Menchavez v. Bermudez (G.R. No. 185368; October 11, 2012)

CASE DIGEST: ARTHUR F. MENCHAVEZ v. MARLYN M. BERMUDEZ. (G.R. No. 185368; October 11, 2012).

FACTS: Petitioner Arthur Menchavez (Menchavez) and Marlyn Bermudez (Bermudez) entered into a loan agreement covering the amount of PhP500,000.00 with interest fixed at 5% per month or 60% per annum as evidenced by a promissory note executed by Bermudez.

Thereafter, Menchavez entered into a verbal compromise agreement with Bermudez regarding the delay in payment and the accumulated interest.
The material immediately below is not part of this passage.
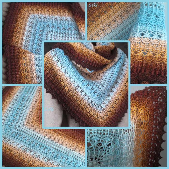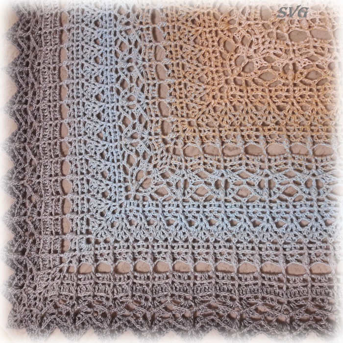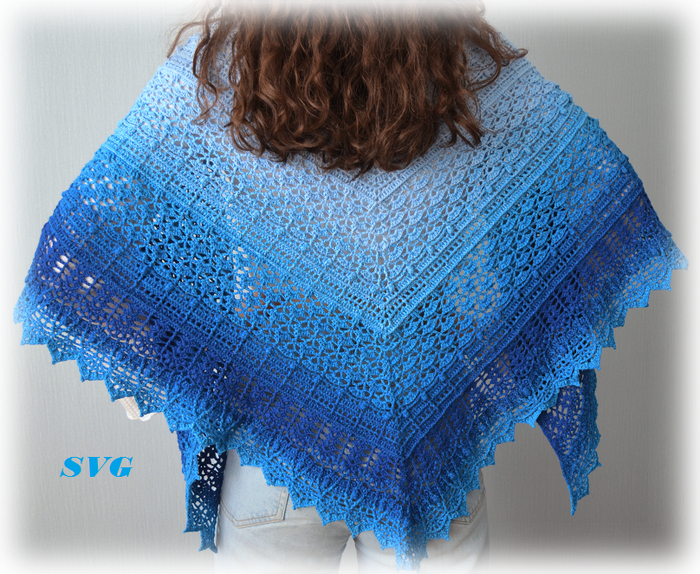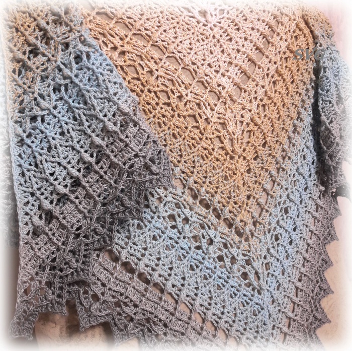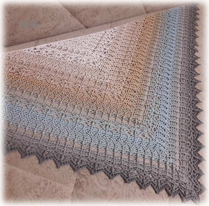 Кто знаком с моим творчеством - знает, что каждой своей шали я даю имя. Эту я назвала Эйра, что в переводе с валлийского означает снег. На мой взгляд очень подходящее имя для шали в таких оттенках.

Under the agreement, Bermudez would deliver eleven (11) postdated checks as payment. When Menchavez presented the checks for payment, eight (8) of these checks were dishonored for having been drawn against insufficient funds.

Thus, Menchavez filed a case for B.P. 22 before the MeTC. The MeTC acquitted Bermudez. The MeTC ruled that Bermudez had already paid the sum of PhP 925,000, or PhP 425,000 over the PhP 500,000 loan.
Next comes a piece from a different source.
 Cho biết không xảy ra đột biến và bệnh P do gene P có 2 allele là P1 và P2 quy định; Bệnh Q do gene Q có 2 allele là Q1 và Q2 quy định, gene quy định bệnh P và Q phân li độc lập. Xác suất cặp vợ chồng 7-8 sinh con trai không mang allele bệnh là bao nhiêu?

Menchavez appealed the civil aspect of the case to the RTC. The RTC partially granted the petition. On appeal, the RTC was reversed by the CA.

Hence, this petition. Menchavez argues that aside from the original loan agreement, Bermudez should also pay the amounts of the checks covered in the compromise agreement. He also avers that Bermudez voluntarily agreed to pay the 5% interest per month; hence, the same is valid.
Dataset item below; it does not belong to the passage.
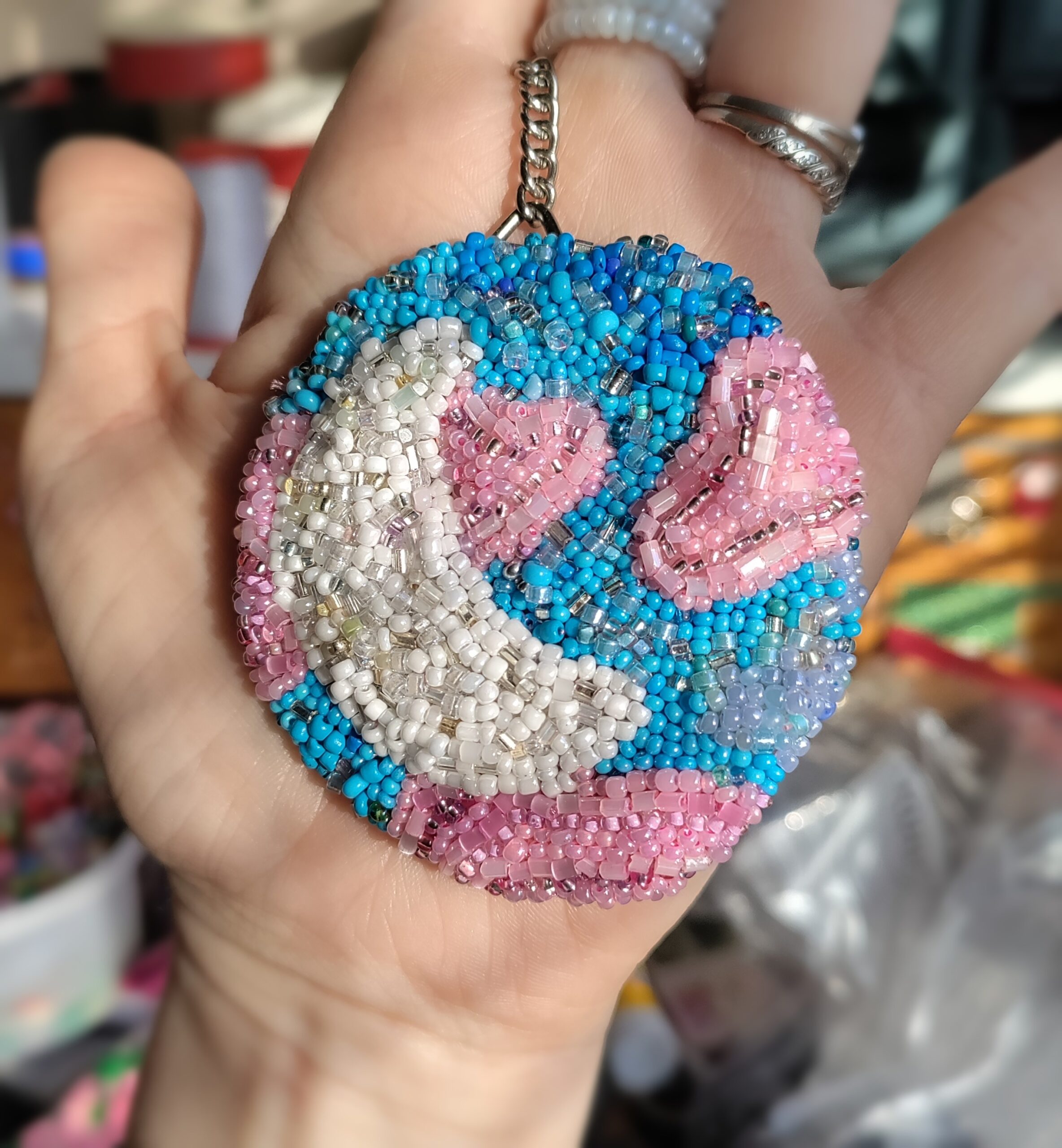 Käsitööna valminud rõõmsavärviline aksesuaar/kulin, mis särab ja sätendab. Valminud ainuekseplarina, kasutades pärlisuppi, uutest ja uuskasutatud materjalidest. Iga pärl eraldi kinnitatud.

ISSUES: Is the obligation based on the compromise agreement separate and independent from Bermudez’s original loan obligation?

Is the 5% per month stipulated interest valid?

HELD: FIRST ISSUE: It is beyond cavil that if a party fails or refuses to abide by a compromise agreement, the other party may either enforce the compromise or regard it as rescinded and insist upon his original demand. To allow petitioner to recover under the terms of the compromise agreement and to further seek enforcement of the original loan transaction would constitute unjust enrichment. The compromise agreement was entered into precisely to extinguish the obligation under the loan transaction, not to create two sources of obligation for respondent. There is unjust enrichment under Article 22 of the Civil Code when (1) a person is unjustly benefited; and (2) such benefit is derived at the expense of or with damages to another.SECOND ISSUE: The 60% per annum interest rate cannot be countenanced.Castro v. Tan is instructive. The Court, in said case, tagged the 5% monthly interest rate agreed upon as “excessive, iniquitous, unconscionable and exorbitant, contrary to morals, and the law.”

Parties may be free to contract and stipulates as they see fit, but that is not an absolute freedom. Art. 1306 of the Civil Code provides. "The contracting parties may establish such stipulations, clauses, terms and conditions as they may deem convenient, provided they are not contrary to law, morals, good customs, public order, or public policy." While petitioner harps on the voluntariness with which the parties agreed upon the 5% per month interest rate, voluntariness does not make the stipulation on interest valid. The 5% per month, or 60% per annum, rate of interest is, indeed, iniquitous, and must be struck down. DENIED.